Word for word, retype the lines from the one containing "Mesa de fundición" to the one containing "به گزارش روابط" below, keeping both end lines and dropping the pictures.
BEGIN Provided material
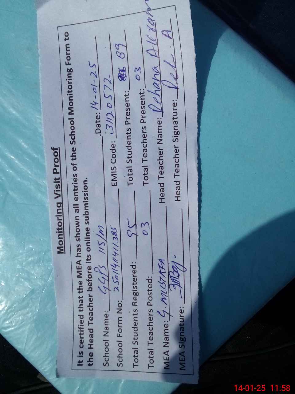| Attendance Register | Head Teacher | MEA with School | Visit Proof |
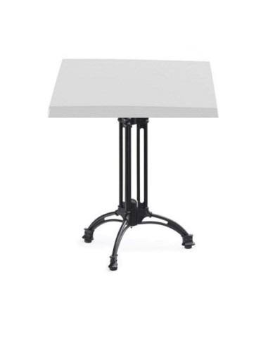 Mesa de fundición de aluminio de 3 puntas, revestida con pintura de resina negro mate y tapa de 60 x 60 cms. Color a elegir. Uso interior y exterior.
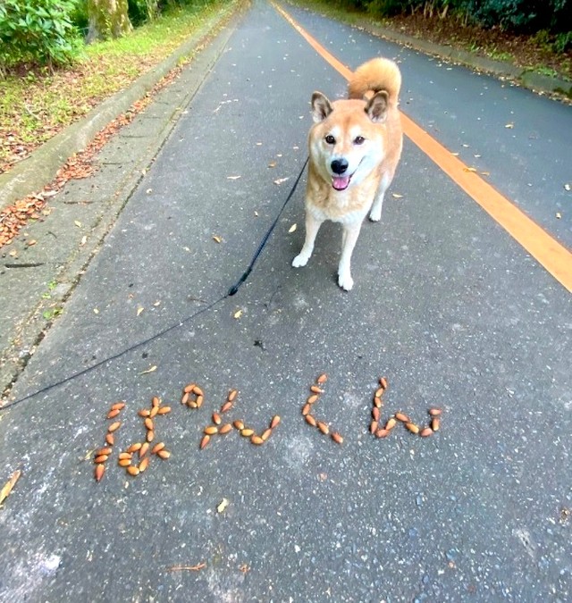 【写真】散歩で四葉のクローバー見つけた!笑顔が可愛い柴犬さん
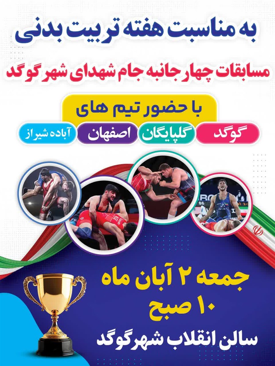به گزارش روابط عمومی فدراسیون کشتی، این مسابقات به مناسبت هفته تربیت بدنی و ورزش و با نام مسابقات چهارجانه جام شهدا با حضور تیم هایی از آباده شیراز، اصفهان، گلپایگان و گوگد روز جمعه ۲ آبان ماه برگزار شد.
END Provided material
BEGIN Provided material
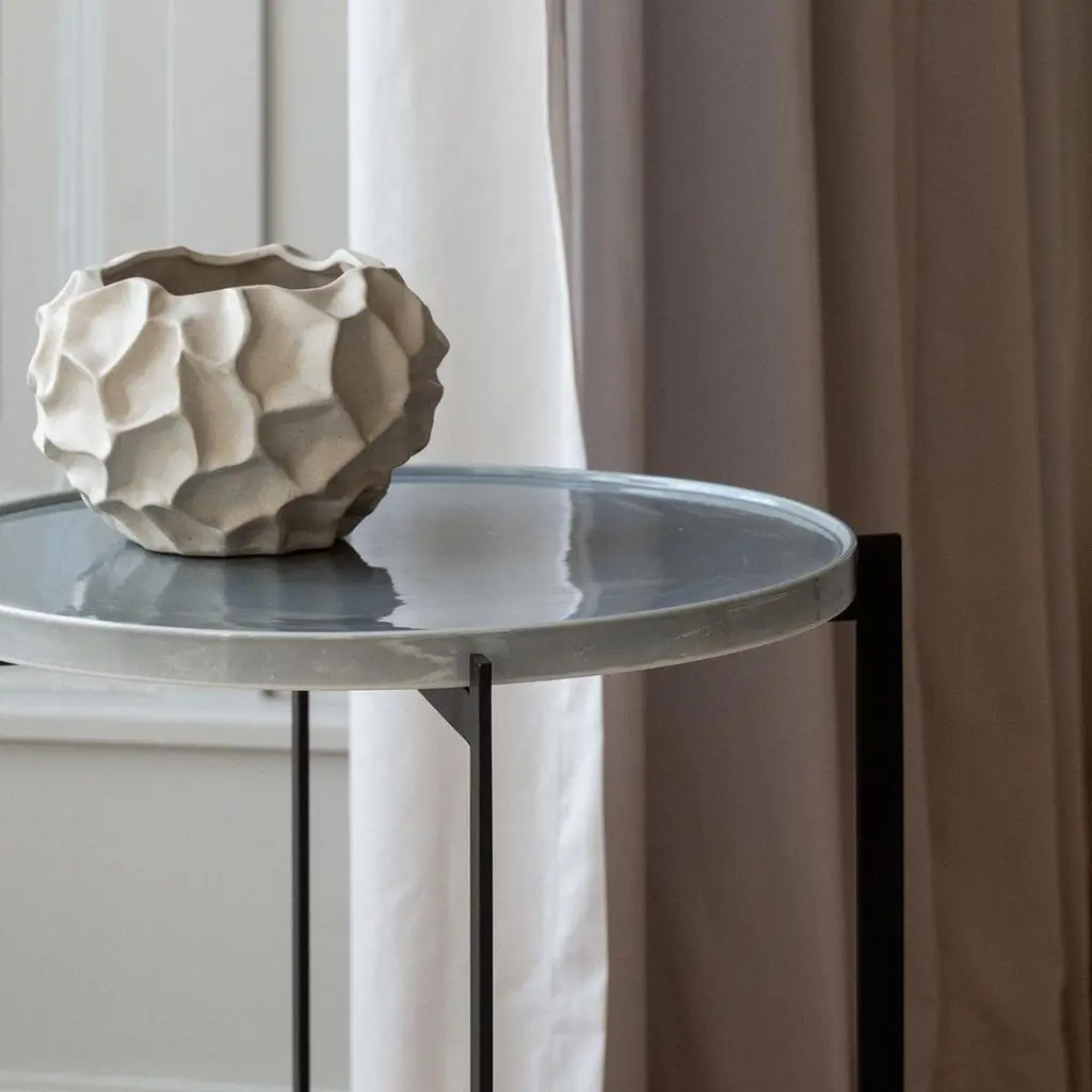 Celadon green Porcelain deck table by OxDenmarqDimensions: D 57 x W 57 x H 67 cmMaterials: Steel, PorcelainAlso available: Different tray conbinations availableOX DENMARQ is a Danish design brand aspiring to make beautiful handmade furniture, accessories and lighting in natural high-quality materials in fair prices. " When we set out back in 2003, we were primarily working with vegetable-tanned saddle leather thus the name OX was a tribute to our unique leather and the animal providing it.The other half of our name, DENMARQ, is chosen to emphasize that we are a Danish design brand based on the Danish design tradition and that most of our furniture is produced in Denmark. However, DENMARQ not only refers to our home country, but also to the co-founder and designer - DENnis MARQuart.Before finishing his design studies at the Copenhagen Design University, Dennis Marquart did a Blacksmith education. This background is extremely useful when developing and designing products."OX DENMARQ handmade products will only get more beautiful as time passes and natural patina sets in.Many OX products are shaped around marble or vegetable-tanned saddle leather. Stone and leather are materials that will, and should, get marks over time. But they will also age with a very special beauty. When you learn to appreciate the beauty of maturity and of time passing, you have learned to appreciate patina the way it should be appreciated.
END Provided material
(Expected output)
 Mesa de fundición de aluminio de 3 puntas, revestida con pintura de resina negro mate y tapa de 60 x 60 cms. Color a elegir. Uso interior y exterior.
 【写真】散歩で四葉のクローバー見つけた!笑顔が可愛い柴犬さん
به گزارش روابط عمومی فدراسیون کشتی، این مسابقات به مناسبت هفته تربیت بدنی و ورزش و با نام مسابقات چهارجانه جام شهدا با حضور تیم هایی از آباده شیراز، اصفهان، گلپایگان و گوگد روز جمعه ۲ آبان ماه برگزار شد.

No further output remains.